Blessing role: Numbers 6:23 says, “Speak to Aaron and his sons, saying, ‘This is the way you shall bless the children of Israel.’” This is where we get the famous Aaronic blessing: “The LORD bless you and keep you; the LORD make His face shine upon you, and be gracious to you; the LORD lift up His countenance upon you, and give you peace” (vv. 24–26).
Clearly, according to Paul and the roles we just listed, we are not all called to be prophets. But we are all called to be priests. Honestly, when reading through the above roles, I more naturally identify with many of the characteristics of prophets than those of the priesthood. Perhaps the same is true for you. So, what to do if we identify more with the role of prophet but understand that we are called to be priests of the most high God?
Though it is a core doctrine of Protestant Christianity—well documented in the Writings of the Apostles (NT)—if I was to go into most churches and ask people to define what the “priesthood of all believers” means, I believe that few would be able to give a solid answer. Not all priests served the same functions, but we must attempt to serve in the role that God puts before us. So how do we realistically serve God as part of the “priesthood of believers?”

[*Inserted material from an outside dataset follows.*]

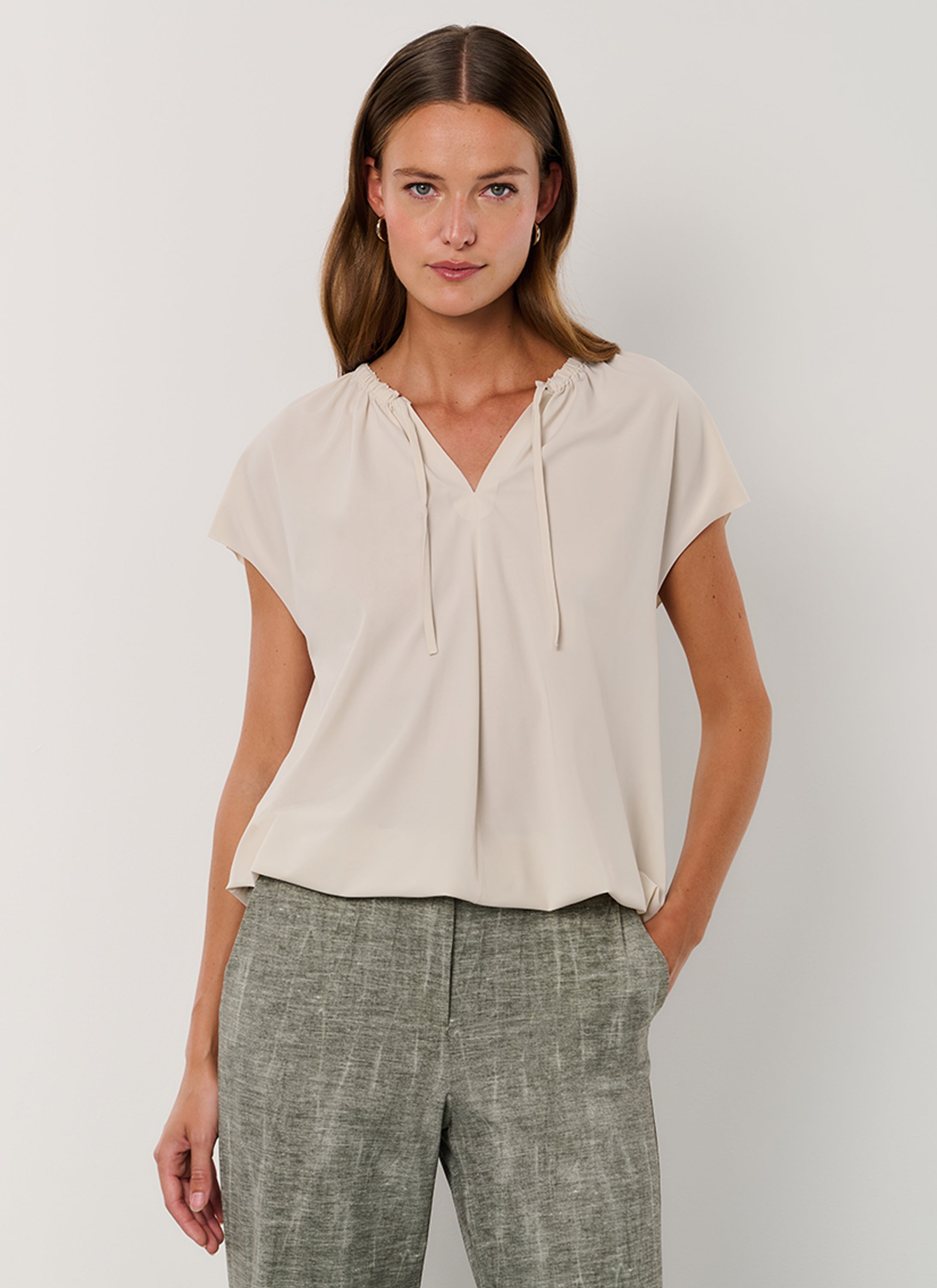 Discover effortless elegance with the Hiroko blouse in linen. Made from a light travel jersey, this blouse offers a soft, wrinkle-resistant fabric that ensures comfort and style all day long. Featuring a relaxed fit, cap sleeves, and a delicate gathered neckline with subtle tie details, it’s the perfect blend of sophistication and ease. Pair it with tailored trousers or a flowy skirt for a versatile, chic look.

There are several things that we all must do. One is to “proclaim the praises of Him who called you out of darkness into His marvelous light” (1 Pet. 2:9). Hebrews 13:15 admonishes us to “continually offer the sacrifice of praise to God, that is, the fruit of our lips, giving thanks to His name.” Paul’s well-known admonition in Romans 12:1 says, “Therefore I urge you, brethren, by the mercies of God, to present your bodies a living and holy sacrifice, acceptable to God, which is your spiritual service of worship” (NASB). We also need to intercede for others. Just as the high priest bore the names of the Twelve Tribes on his shoulders and breastplate, we can draw near to God on behalf of others.
Then there are roles that we may be asked to fulfill as priests specific to us as individuals or for a certain time. We may be called to judge between right and wrong, help maintain the boundary of our faith, teach others who are younger in the faith, bless others in the name of our Father and King or give and share as we read in Hebrews 13:16, “But do not forget to do good and to share, for with such sacrifices God is well pleased.”
While the portion Tetzaveh (Exod. 27:20–30:10), which we discussed above, is known as the portion of the priests, Leviticus gives us an entire book focused in great detail on priestly service in the Tabernacle. Many people struggle to connect with this book. They say it seems outdated and deals with minutia that is no longer relevant to a believer’s life today. But we can actually learn a great deal about our role as priests in God’s kingdom by looking at Leviticus. Rabbi Shai Held explains in his commentary on Leviticus, “The tabernacle (mishkan) is nothing if not a tightly structured, highly ordered space. Who may enter where, at what time, and in what garb—all is tightly regulated. The profane must never spill over into and thus violate the sacred. The sacrifices are carefully choreographed and presented ‘just right.’ In a chaotic, terrifying world, one place, at least, is governed by order and structure.”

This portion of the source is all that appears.